**What to produce**
Omit every picture and return the rest of the data unaltered.

**Supplied entries**
======

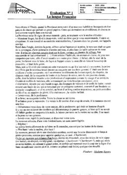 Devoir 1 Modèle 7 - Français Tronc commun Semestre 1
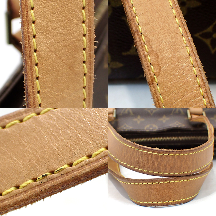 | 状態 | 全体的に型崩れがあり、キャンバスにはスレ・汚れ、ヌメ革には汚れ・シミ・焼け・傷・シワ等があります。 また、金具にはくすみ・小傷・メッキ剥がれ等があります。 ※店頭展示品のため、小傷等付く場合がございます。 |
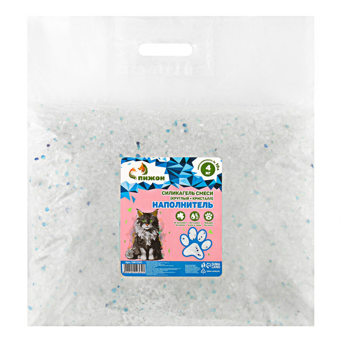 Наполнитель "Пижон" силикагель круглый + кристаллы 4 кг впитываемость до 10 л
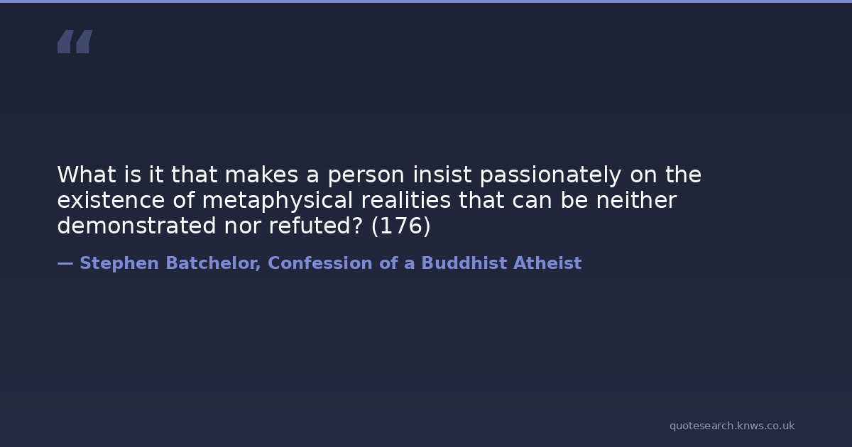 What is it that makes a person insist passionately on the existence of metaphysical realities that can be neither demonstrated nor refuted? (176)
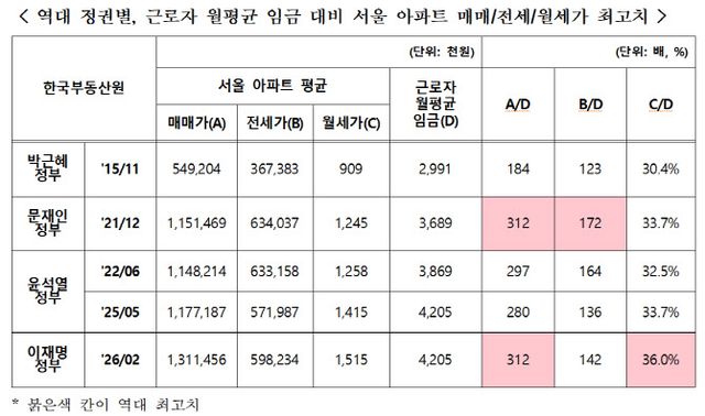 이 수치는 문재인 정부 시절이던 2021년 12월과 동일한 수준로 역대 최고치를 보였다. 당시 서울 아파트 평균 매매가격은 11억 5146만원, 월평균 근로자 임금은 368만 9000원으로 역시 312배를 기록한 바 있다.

======

**The completed task**
 Devoir 1 Modèle 7 - Français Tronc commun Semestre 1
 | 状態 | 全体的に型崩れがあり、キャンバスにはスレ・汚れ、ヌメ革には汚れ・シミ・焼け・傷・シワ等があります。 また、金具にはくすみ・小傷・メッキ剥がれ等があります。 ※店頭展示品のため、小傷等付く場合がございます。 |
 Наполнитель "Пижон" силикагель круглый + кристаллы 4 кг впитываемость до 10 л
 What is it that makes a person insist passionately on the existence of metaphysical realities that can be neither demonstrated nor refuted? (176)
 이 수치는 문재인 정부 시절이던 2021년 12월과 동일한 수준로 역대 최고치를 보였다. 당시 서울 아파트 평균 매매가격은 11억 5146만원, 월평균 근로자 임금은 368만 9000원으로 역시 312배를 기록한 바 있다.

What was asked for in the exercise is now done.